# Best Characters? Worlds? Stories? ...?



## Violanthe (Nov 29, 2005)

I'd like to thank the members of this board once again for voting in our current Top Ten List, the Best Speculative Fiction Novels (there's still time to vote if you haven't yet: http://p068.ezboard.com/farwzdicussionforumsfrm1.showMessage?topicID=1032.topic ), and for coming up with creative suggestions for our next list. 

I've taken your suggestions to my fellow ARWZ editors, and we've narrowed the choices down to five. If your suggestion didn't make the final five this time, don't worry. We've archived many more of your suggestions (including the more specialized topics) for future top ten lists. The current final five were chosen based on their wide appeal and the interest expressed by our readers and associates. In the future, however, we will do more narrow topics, so keep those special interest suggestions in mind. 

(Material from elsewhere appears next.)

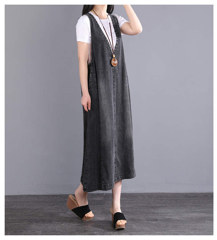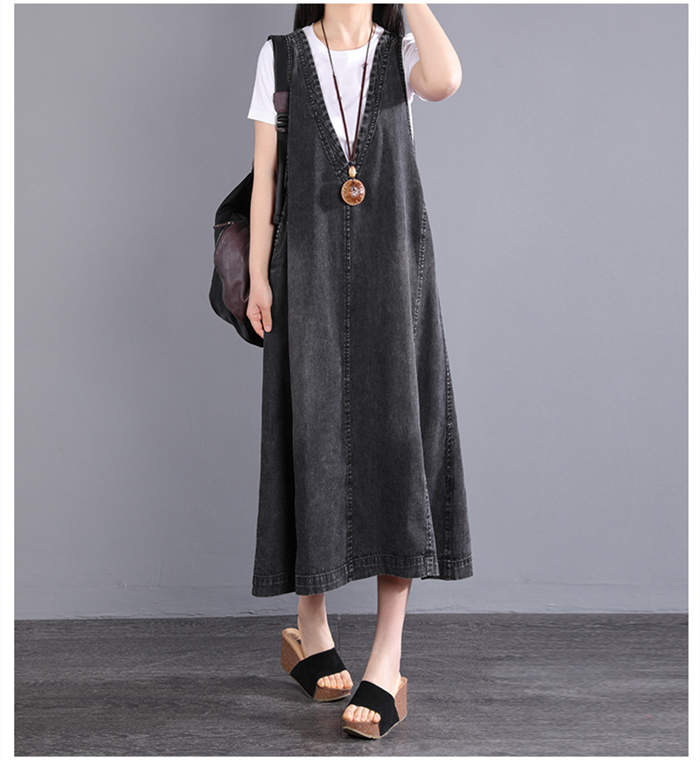 デニム ジャンパースカート ワンピース ブラック ブルー L XL 2XL

Voting for our next Top Ten Project will open when voting closes for our current project. But before that can happen, we need your help deciding which topic to do next. In order to vote for our next list topic, you must place your vote in our Official Poll (http://p068.ezboard.com/farwzdicussionforumsfrm1.showMessage?topicID=1081.topic ). Only votes in that Official Poll can count toward the final result. As usual, all topics pertain to the main theme of ARWZ Magazine: Speculative Fiction. If you're not familiar with this term, please consult this definition at wikipedia.org (http://en.wikipedia.org/wiki/Speculative_fiction ).

The topic choices are: Best Short Stories; Best Genre Crossovers; Best Speculative Worlds; Best Characters; Best Opening Lines. 

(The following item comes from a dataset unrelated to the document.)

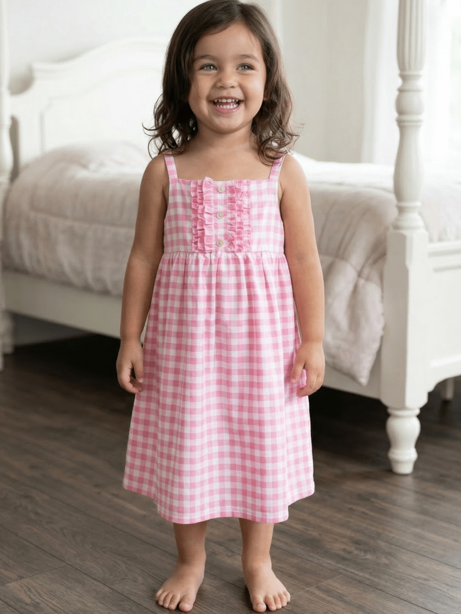 Snuggle up in style with this adorable pink gingham gown! Perfect for lazy days, sleepovers, or cozy nights in, this lightweight design keeps her comfortable from bedtime to breakfast. The classic gingham pattern adds a playful touch she'll love wearing again and again. Soft fabric and easy fit make it ideal for growing girls who want to feel cute and relaxed.

We would also like to hear your opinions on the topic choices. Which ones do you like the best? Which ones are potentially problematic? Do you foresee difficulties in certain of these topics? Which ones do you think will achieve the most interesting results?


----------



## Violanthe (Dec 8, 2005)

"Best Characters" is pretty far in the lead


----------



## e.Blackstar (Dec 8, 2005)

I like characters and worlds as topics.

Short stories are hard because of the sheer number of them, whereas with novels there a a handful of BIG ones to choose from.


----------



## Violanthe (Dec 15, 2005)

I've found that, despite the number, a lot of people don't read short stories, and thus don't have a lot of basis upon which to judge.


----------



## e.Blackstar (Dec 15, 2005)

Though I didn;t say it very clearly, that's basically what I meant. It's easier to say "Have you read such and such novel?" and get a yes or at least an "No but I'm familiar with it" response than with short stories because of sheer volume.


----------